*** DATA

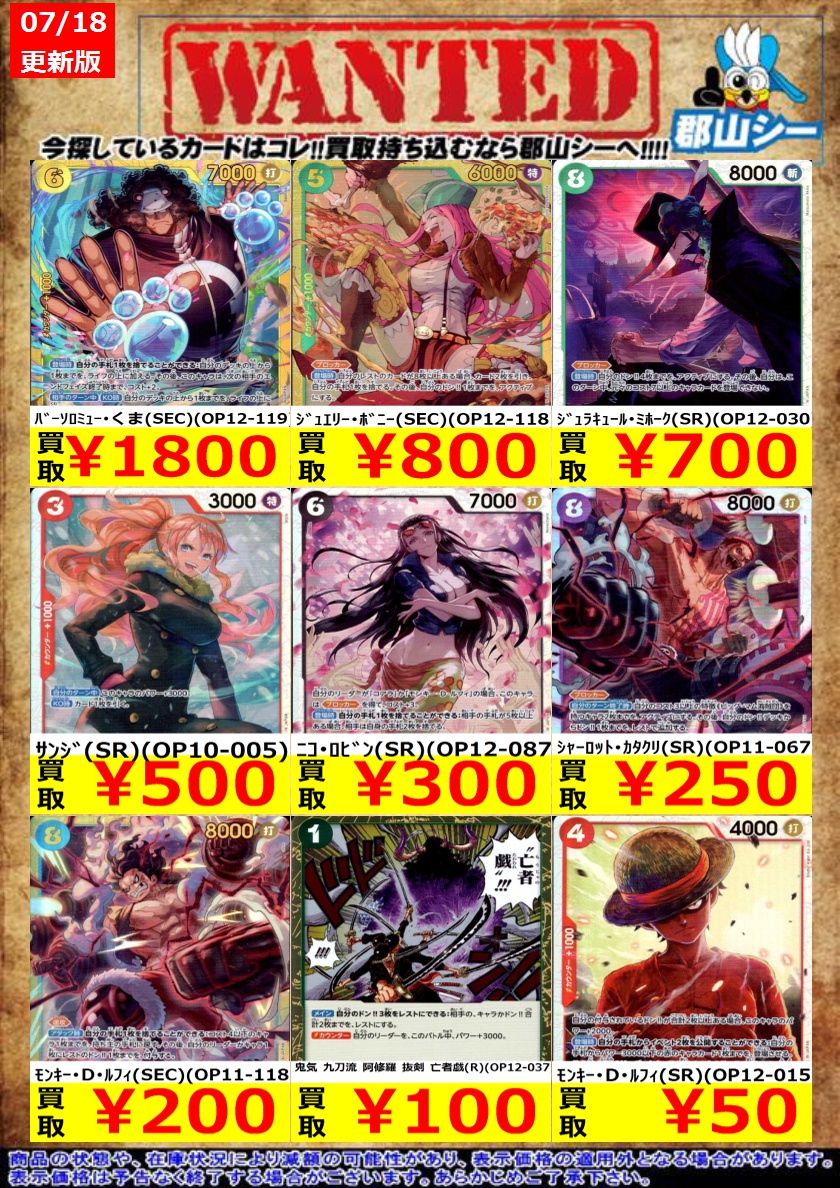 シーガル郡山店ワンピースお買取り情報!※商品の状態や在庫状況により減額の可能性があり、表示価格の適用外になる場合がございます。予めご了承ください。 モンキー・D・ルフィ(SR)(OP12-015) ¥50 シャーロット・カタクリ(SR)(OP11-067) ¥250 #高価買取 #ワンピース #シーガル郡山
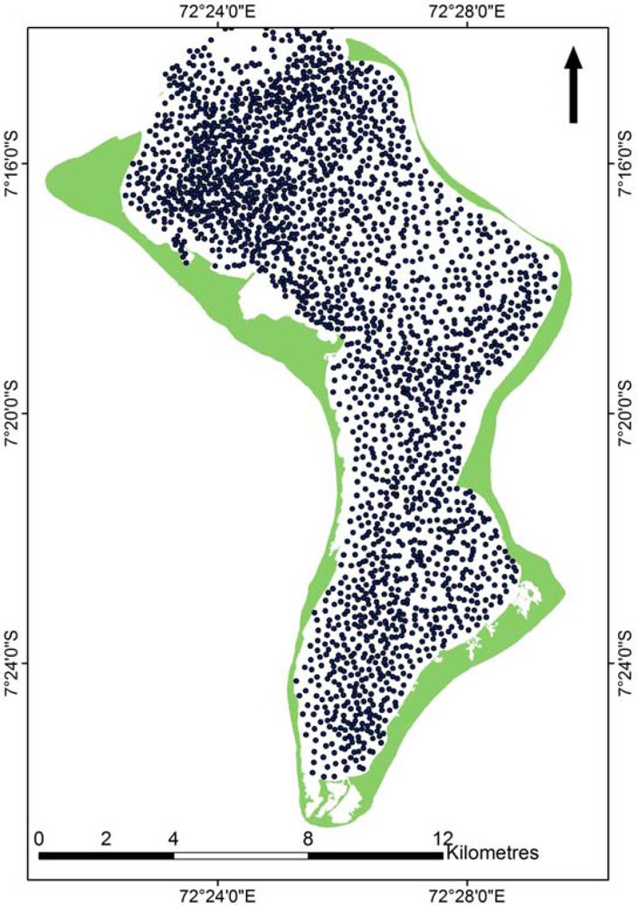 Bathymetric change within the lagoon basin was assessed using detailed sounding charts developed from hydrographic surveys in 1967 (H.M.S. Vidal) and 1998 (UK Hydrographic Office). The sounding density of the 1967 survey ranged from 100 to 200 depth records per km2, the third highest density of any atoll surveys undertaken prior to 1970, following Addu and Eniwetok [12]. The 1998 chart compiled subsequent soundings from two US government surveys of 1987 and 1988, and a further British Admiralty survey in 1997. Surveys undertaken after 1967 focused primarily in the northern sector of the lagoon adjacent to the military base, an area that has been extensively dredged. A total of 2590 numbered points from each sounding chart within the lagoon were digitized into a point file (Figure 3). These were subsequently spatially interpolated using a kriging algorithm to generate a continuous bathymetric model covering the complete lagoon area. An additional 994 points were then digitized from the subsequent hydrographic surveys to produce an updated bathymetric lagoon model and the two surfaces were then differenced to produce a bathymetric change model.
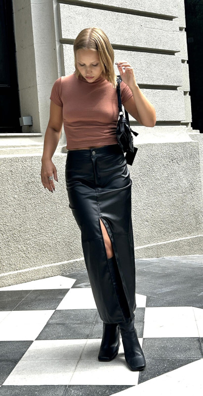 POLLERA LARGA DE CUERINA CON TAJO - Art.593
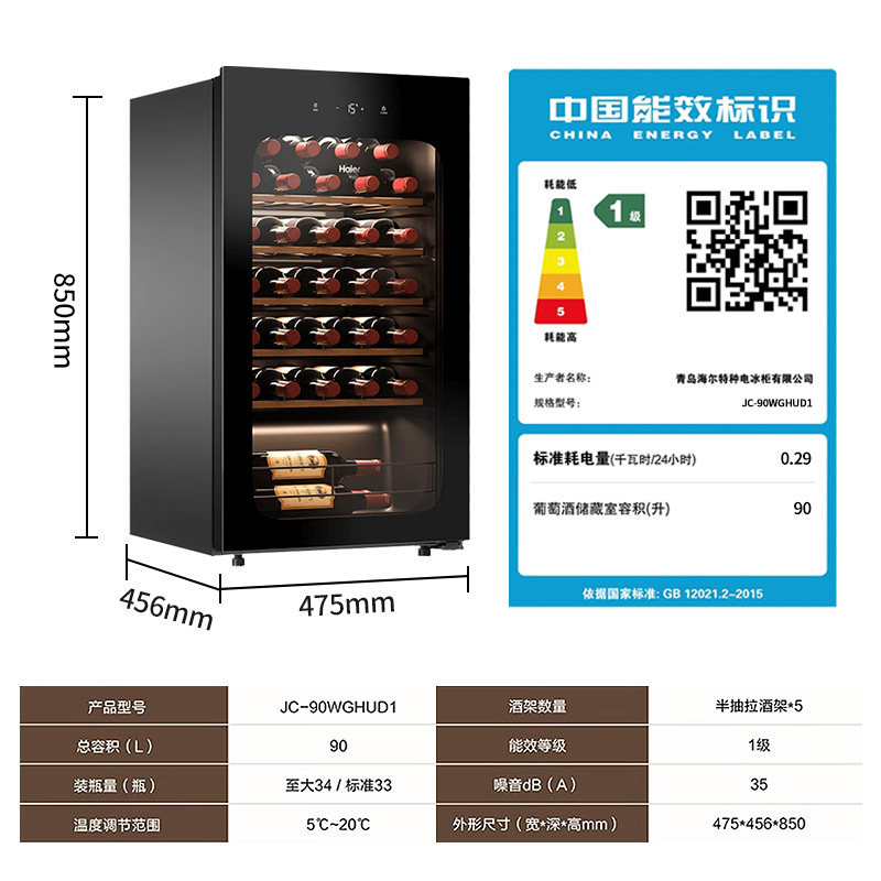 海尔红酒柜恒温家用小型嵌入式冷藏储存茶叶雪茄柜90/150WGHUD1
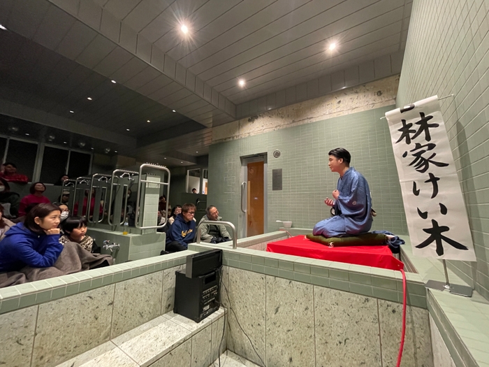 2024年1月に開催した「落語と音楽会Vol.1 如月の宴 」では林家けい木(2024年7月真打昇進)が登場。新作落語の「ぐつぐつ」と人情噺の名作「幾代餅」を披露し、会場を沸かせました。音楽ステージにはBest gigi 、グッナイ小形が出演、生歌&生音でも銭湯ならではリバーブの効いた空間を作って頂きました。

******
*** DATA

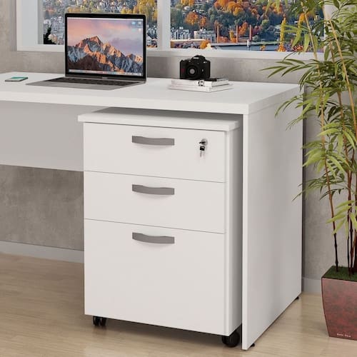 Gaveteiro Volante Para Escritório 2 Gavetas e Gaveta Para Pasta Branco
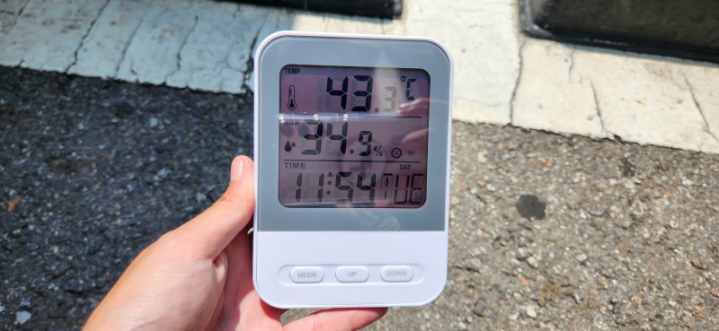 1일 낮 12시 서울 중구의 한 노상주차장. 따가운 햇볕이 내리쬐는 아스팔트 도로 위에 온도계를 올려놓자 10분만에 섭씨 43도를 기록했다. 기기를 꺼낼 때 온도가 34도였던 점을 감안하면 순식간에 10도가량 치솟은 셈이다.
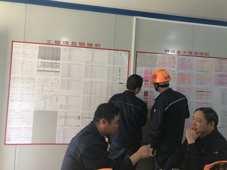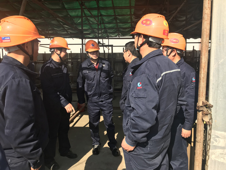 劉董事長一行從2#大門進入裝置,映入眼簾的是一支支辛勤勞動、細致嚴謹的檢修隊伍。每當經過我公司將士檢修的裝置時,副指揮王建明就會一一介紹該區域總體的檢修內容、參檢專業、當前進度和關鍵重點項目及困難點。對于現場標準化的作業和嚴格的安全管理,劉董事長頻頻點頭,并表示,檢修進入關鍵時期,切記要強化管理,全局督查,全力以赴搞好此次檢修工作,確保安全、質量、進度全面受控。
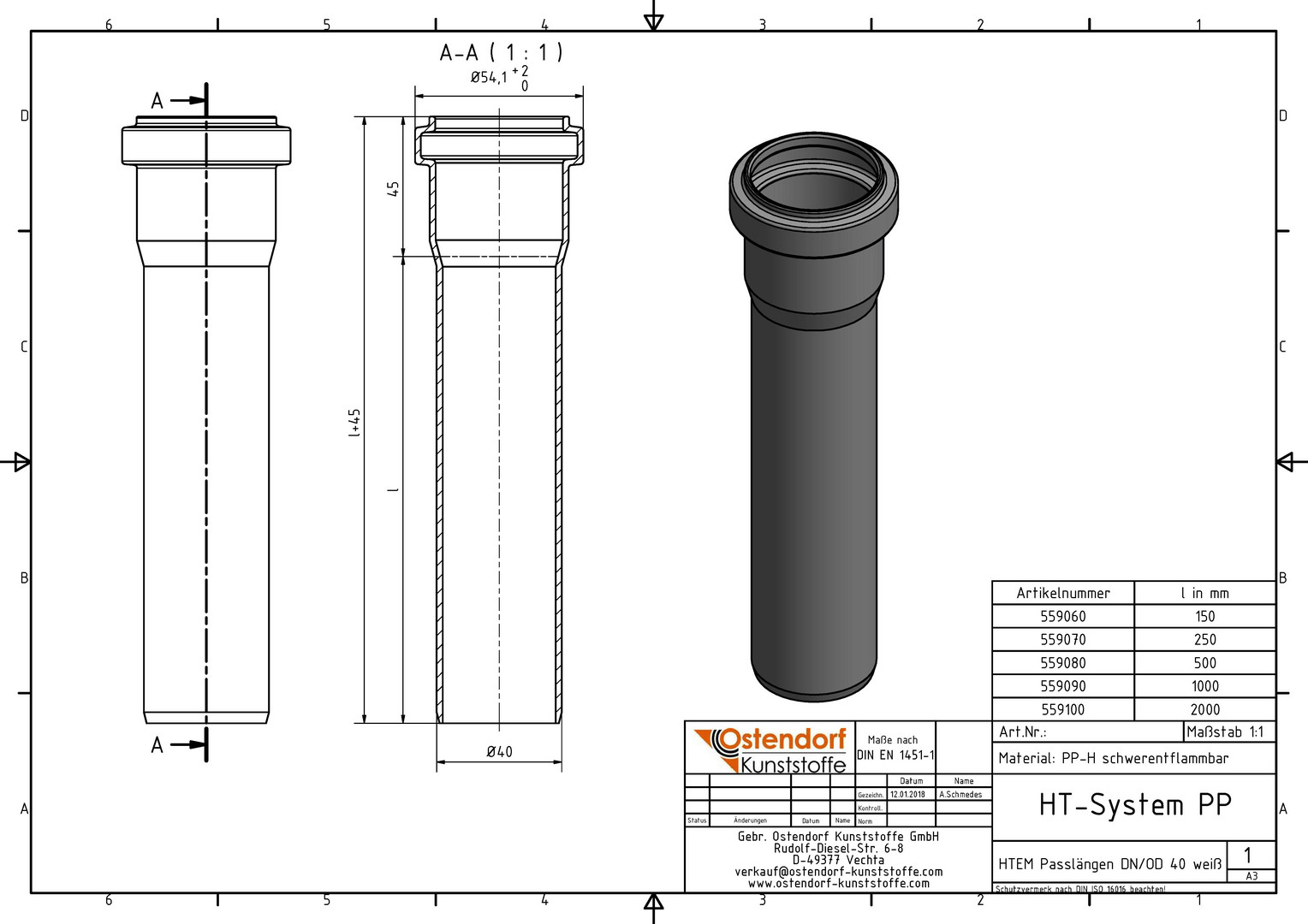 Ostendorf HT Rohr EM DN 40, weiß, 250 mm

******

Treat the line with "1일 낮 12시 서울" as the start and the line with "Ostendorf HT Rohr EM DN 40, weiß, 250 mm" as the end, and return exactly that span of the data above, both ends included, without pictures.

OUTPUT:
 1일 낮 12시 서울 중구의 한 노상주차장. 따가운 햇볕이 내리쬐는 아스팔트 도로 위에 온도계를 올려놓자 10분만에 섭씨 43도를 기록했다. 기기를 꺼낼 때 온도가 34도였던 점을 감안하면 순식간에 10도가량 치솟은 셈이다.
 劉董事長一行從2#大門進入裝置,映入眼簾的是一支支辛勤勞動、細致嚴謹的檢修隊伍。每當經過我公司將士檢修的裝置時,副指揮王建明就會一一介紹該區域總體的檢修內容、參檢專業、當前進度和關鍵重點項目及困難點。對于現場標準化的作業和嚴格的安全管理,劉董事長頻頻點頭,并表示,檢修進入關鍵時期,切記要強化管理,全局督查,全力以赴搞好此次檢修工作,確保安全、質量、進度全面受控。
 Ostendorf HT Rohr EM DN 40, weiß, 250 mm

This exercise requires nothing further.